Au sujet des personnes interpellées dans le cadre de l’enquête parlementaire, le Premier ministre a précisé qu’il n’y a pas d’individu au-dessus de la loi. Par conséquent, le gouvernement suit le cours de l’enquête et s’il reste encore des personnes que l’on doit interpeller, elles seront libérées (de leur fonction) à cette fin, affirmant que le dossier est devant la justice et l’action du gouvernement se limite à appuyer la justice dans les services qu’elle pourrait demander et s’atteler à exécuter ce qu’elle demande.

A une question sur l’insécurité dans la capitale, le Premier ministre a déclaré que le centre des opérations de Nouakchott, qui a été créé, a donné de bons résultats dans le suivi de la criminalité à travers l’usage de caméras dans les avenues et l’expérience sera étendue au niveau régional pour assurer la sécurité.

Répondant à une question sur les réalisations accomplies en matière sociale, il a précisé que l’Agence "Taazour" a distribué de gros montants à un grand nombre de citoyens et dépêché des missions à l’intérieur du pays pour le même objectif et ce, en plus de la réalisation de nombreux projets.

Pour ce qui est des boutiques "Emel", M. Mohamed Ould Bilal a précisé qu’elles seront toutes dotées en produits alimentaires immédiatement alors que la situation de leur personnel sera examinée pour régler les problèmes posés.

S’agissant de l’exode rural, il a dit qu’il représente une grande problématique qui a donné bien des soucis aux gouvernements qui se sont succédés notant que la mise en œuvre du programme de décollage économique ne manquera pas d’avoir des répercussions importantes dans la lutte contre ce phénomène et de contribuer à fixer les populations dans leur terroir.

En ce qui concerne la situation financière du pays, le Premier ministre a rassuré les députés sur le fait que le solde de la Trésorerie générale atteint actuellement 272 milliards d’anciennes ouguiyas comparé à 22 milliards au mois d’août dernier notant que cela est imputable à la bonne gestion et à la justice et l’équité en matière de recettes fiscales, relevant que 80 milliards de ce montant résultent d’un effort national propre.

Il a ajouté que le solde actuel en devises atteint un milliard 400 mille dollars. C’est donc un solde satisfaisant permettant de répondre à tous les besoins du pays à l’étranger.

Sur l’augmentation des budgets de certaines institutions, M. Mohamed Ould Bilal a indiqué que cela est positif en soi, notant que l’augmentation des budgets de la Présidence de la République, de l’Assemblée nationale et du ministère de la justice est due à ce que les dépenses communes dans ces institutions et ministère atteignaient 3 milliards que les responsables de ces institutions géraient pour couvrir les frais de l’eau,de l’électricité et de certaines autres dépenses. Mais, au lieu d’apparaitre sur leur budget respectif, elles apparaissaient sur les allocations prévues pour les dépenses communes.
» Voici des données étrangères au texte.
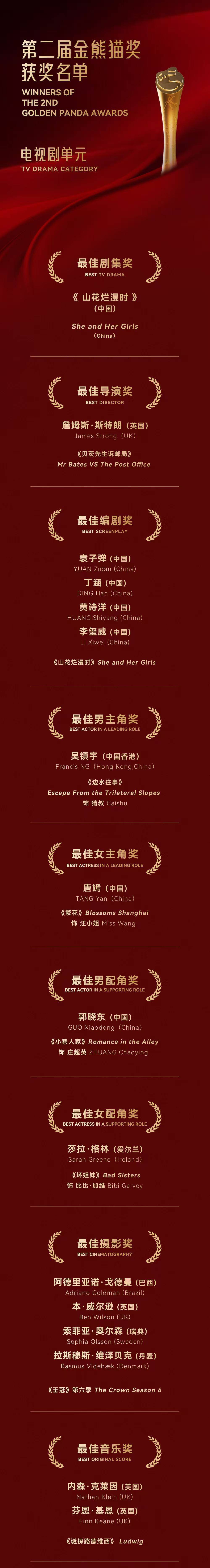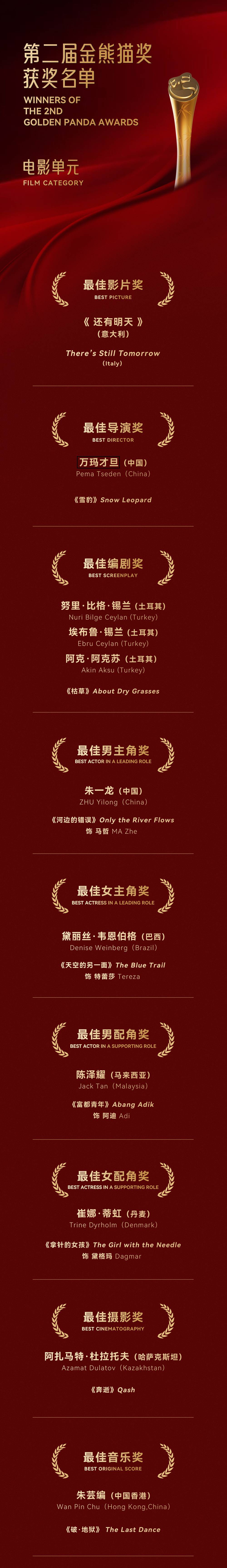 9月13日,第二届金熊猫奖的压轴大戏——金熊猫盛典在四川成都举行,27个奖项逐一揭晓。完整获奖名单公布↓↓↓
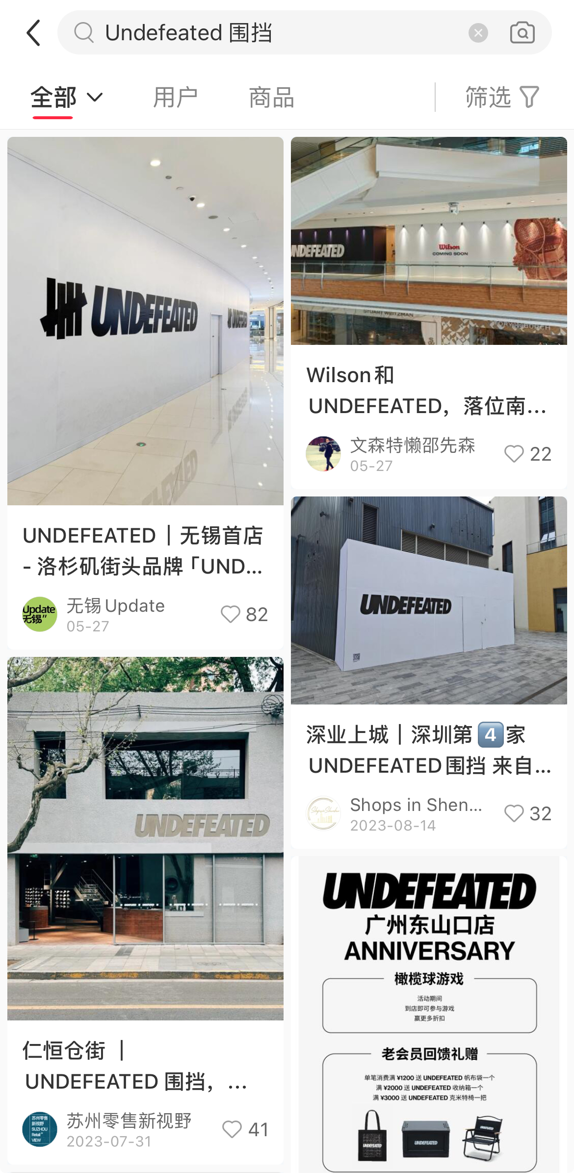 雅戈尔集团于2021年完成对持undefeated的投资。雅戈尔集团收购了其40%的股权,并成立了大中华区公司。从目前的选址来看,雅戈尔集团试图保持undefeated高端潮奢的定位,入驻商圈不乏一线城市的高档潮流商圈,如北京的三里屯太古里和王府中环,也有上述提到的二线城市的高档商圈。
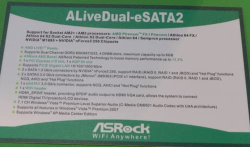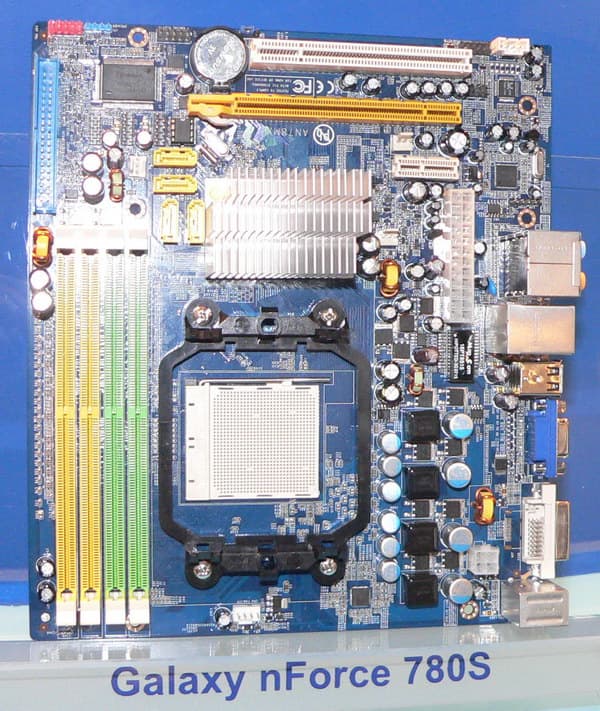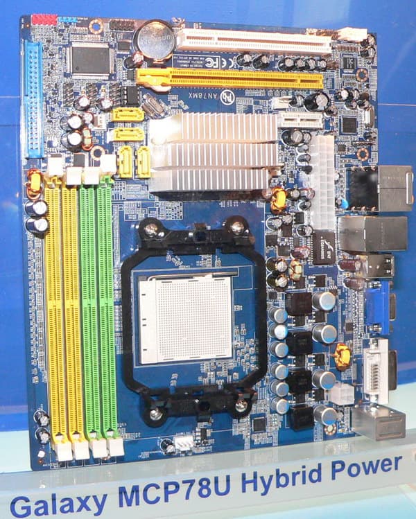 На стенде Galaxy нам пришлось отгадывать загадку, чем NVIDIA MCP78S отличается от MCP78U. Ранее мы были твердо уверены, что первый — это GeForce 8200, а второй — готовящийся к выпуску GeForce 8300, от которого мы ждем повышения производительности и более ничего особенного. Однако в Galaxy почему-то говорят, что отличия между чипсетами состоят в поддержке вторым технологии Hybrid SLI, что решено было даже вынести в название платы. Мы так, прямо скажем, не договаривались, поскольку и в GeForce 8200 такая поддержка была обещана (да и демонстрировалась на соседнем стенде у ASRock). Впрочем, для Galaxy системные платы — продукция новая, и сотрудники на стенде могли просто не разобраться в таких нюансах.
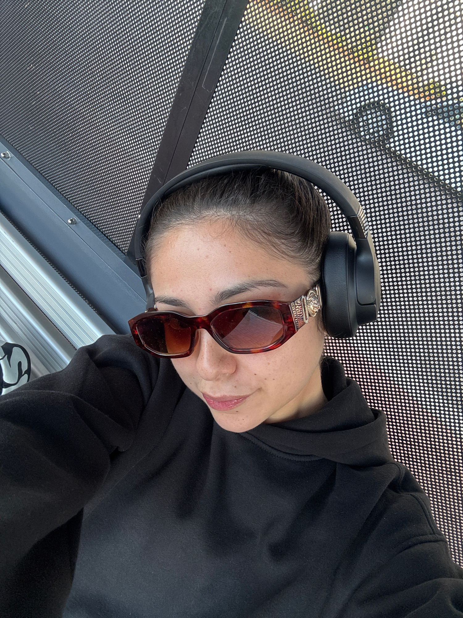 A person is wearing sunglasses and headphones. The person is inside a vehicle with perforated metal sheeting. The location is Wellard, Australia. The time of day is daytime. The person is wearing a bl…read more

A propos d’une question sur les marchés de gré à gré, il a souligné qu’ils sont prévus par la loi et l’on y recourt seulement dans les cas de nécessité mais ils ne doivent pas être la règle, précisant que ceux auxquels le gouvernement a recouru, l’étaient pour sauver les citoyens à l’intérieur suite aux pluies et inondations et pour les protéger contre les répercussions de la pandémie Covid-19. En conséquence il n’était pas possible pour le gouvernement de rester les bras croisés en ces circonstances, soulignant que l’inspection générale de l’Etat contrôle les marchés de gré à gré pour en déceler éventuellement les irrégularités.
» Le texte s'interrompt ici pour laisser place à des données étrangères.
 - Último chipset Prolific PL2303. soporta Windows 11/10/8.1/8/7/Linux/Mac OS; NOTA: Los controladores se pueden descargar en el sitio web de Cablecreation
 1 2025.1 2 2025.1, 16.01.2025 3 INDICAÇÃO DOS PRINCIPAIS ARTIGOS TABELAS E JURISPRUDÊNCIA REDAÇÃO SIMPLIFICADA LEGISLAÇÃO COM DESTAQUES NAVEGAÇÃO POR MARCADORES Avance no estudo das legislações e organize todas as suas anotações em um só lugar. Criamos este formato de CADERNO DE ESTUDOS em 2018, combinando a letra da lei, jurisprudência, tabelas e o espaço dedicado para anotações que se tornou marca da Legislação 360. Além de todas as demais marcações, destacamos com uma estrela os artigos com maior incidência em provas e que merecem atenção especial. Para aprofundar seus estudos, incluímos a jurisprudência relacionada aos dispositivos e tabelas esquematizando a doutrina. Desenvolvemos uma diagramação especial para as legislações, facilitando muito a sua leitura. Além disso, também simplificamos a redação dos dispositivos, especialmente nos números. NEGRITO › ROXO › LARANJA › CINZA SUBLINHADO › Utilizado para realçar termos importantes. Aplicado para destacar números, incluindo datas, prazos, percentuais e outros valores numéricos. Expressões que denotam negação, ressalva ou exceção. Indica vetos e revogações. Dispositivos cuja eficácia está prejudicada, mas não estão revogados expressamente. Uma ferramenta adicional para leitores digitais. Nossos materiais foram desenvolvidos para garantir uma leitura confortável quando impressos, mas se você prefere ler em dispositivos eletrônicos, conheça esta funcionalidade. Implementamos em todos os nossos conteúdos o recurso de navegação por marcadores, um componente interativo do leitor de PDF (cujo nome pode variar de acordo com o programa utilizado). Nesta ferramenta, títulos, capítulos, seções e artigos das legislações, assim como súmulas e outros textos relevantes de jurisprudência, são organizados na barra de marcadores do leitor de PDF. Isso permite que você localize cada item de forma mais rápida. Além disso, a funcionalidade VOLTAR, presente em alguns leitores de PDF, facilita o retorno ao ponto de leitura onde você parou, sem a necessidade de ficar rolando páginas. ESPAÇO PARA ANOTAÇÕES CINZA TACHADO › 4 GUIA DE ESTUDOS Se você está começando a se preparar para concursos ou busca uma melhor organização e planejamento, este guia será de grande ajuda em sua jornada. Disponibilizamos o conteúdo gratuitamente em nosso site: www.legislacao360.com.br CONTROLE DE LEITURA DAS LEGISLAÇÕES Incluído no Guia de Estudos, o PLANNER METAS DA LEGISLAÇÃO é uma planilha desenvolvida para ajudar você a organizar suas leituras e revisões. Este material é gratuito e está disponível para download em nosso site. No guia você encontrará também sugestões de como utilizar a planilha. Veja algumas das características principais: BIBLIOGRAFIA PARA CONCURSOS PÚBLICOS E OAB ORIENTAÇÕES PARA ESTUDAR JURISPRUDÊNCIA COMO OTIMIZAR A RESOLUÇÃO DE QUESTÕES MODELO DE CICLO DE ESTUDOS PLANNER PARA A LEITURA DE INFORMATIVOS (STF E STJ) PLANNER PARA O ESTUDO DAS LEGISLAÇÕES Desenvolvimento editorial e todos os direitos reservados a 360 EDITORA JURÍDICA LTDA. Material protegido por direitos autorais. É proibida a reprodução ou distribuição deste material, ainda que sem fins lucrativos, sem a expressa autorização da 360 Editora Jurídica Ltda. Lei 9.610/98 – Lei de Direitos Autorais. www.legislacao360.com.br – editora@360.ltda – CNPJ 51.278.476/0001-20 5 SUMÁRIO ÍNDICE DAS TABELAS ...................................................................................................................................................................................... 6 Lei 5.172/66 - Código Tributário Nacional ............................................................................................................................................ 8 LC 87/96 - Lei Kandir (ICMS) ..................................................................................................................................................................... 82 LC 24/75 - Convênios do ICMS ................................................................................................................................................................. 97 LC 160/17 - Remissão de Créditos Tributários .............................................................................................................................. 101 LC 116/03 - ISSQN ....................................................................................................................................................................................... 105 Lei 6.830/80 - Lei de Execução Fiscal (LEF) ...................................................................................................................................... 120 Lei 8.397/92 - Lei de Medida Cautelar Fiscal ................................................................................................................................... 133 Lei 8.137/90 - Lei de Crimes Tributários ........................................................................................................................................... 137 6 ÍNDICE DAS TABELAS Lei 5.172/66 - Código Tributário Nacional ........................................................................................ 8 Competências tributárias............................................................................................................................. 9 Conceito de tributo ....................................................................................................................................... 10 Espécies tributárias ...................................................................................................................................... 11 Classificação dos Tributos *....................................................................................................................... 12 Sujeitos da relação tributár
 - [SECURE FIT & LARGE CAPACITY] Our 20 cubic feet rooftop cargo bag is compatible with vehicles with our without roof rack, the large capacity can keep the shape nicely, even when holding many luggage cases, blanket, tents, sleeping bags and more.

Au sujet de l’axe des ressources humaines, le Premier ministre a fait remarquer que le gouvernement a fait un diagnostic de la situation des enseignants augmentant la prime d’éloignement de 50% et a recruté l’année écoulée 4000 prestataires de service de l’enseignement et 1000 instituteurs sortant des ENIs et réalisé 120 écoles, ce qui fait que la Mauritanie est dans une excellente situation de nature à contribuer à l’existence de l’école républicaine.

Pour ce qui est du personnel non permanent (PNP), il a indiqué que sa situation a été réglée et tous ceux qui sont concernés sont devenus des travailleurs de statut régulier. Quant à leur situation matérielle, elle est sous examen, relevant qu’ils doivent rejoindre leurs postes et contribuer à l’œuvre de construction du pays. Abordant les problèmes dont souffrent les entreprises de presse, le Premier ministre a précisé que l’Etat est en passe d’élaborer un contrat- programme avec ces entreprises avec des dispositions qui sont de nature à régler les problèmes des travailleurs.
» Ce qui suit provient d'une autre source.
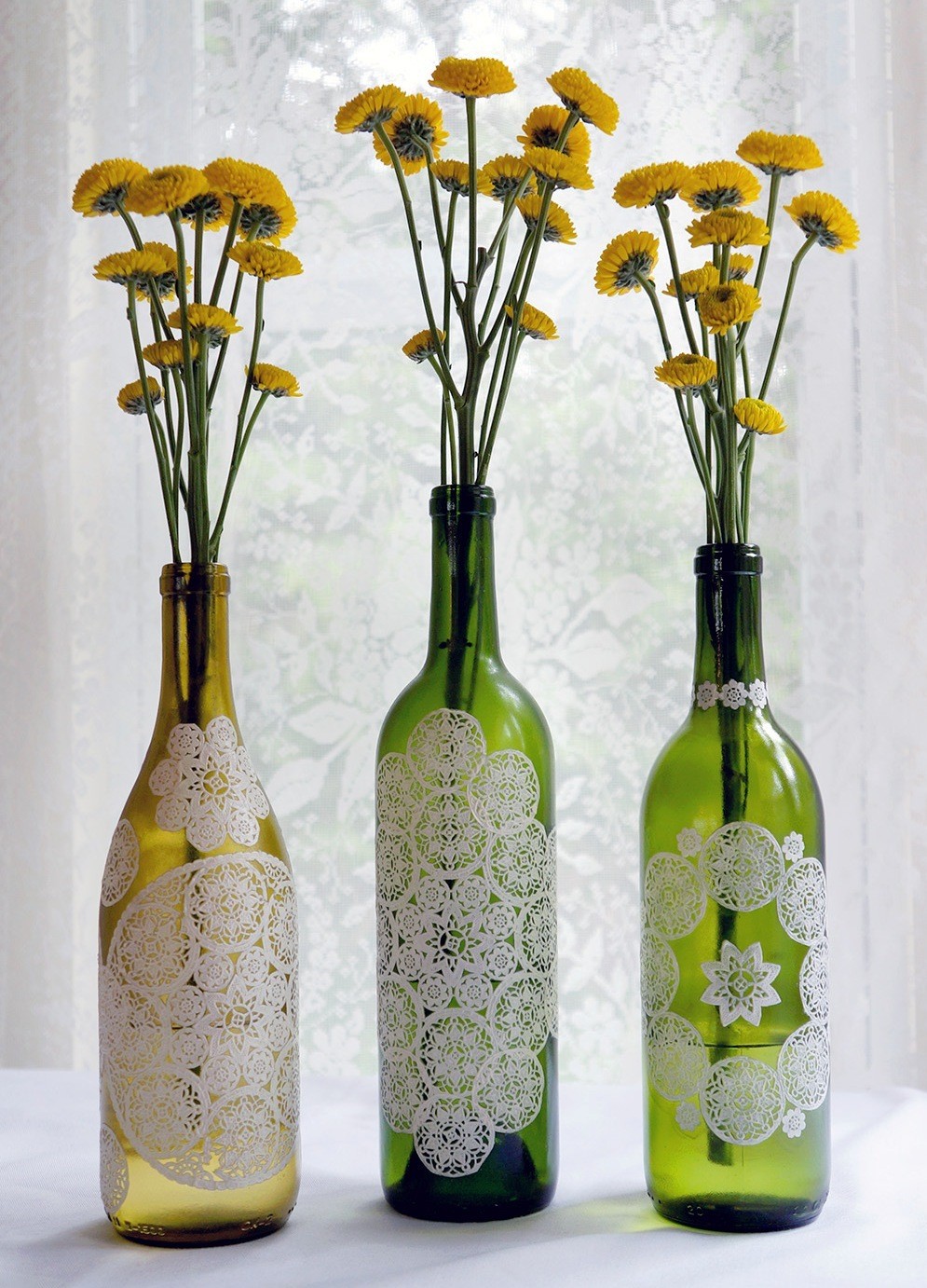 Как сделать вазу из стеклянной бутылки или баночки? Для этого выбранную емкость тщательно очищают мягкими моющими средствами, содержащими спирт, чтобы не осталось следов жира или грязи.

Sur une question portant sur le manque constaté en matière de médicaments, il a relevé que cela est due à l’œuvre de réforme suivie en matière d’achat de médicaments, ce qui a conduit à une confusion au niveau de la chaine d’approvisionnement en plus des répercussions de la pandémie du coronavirus sur le marché mondial du médicament.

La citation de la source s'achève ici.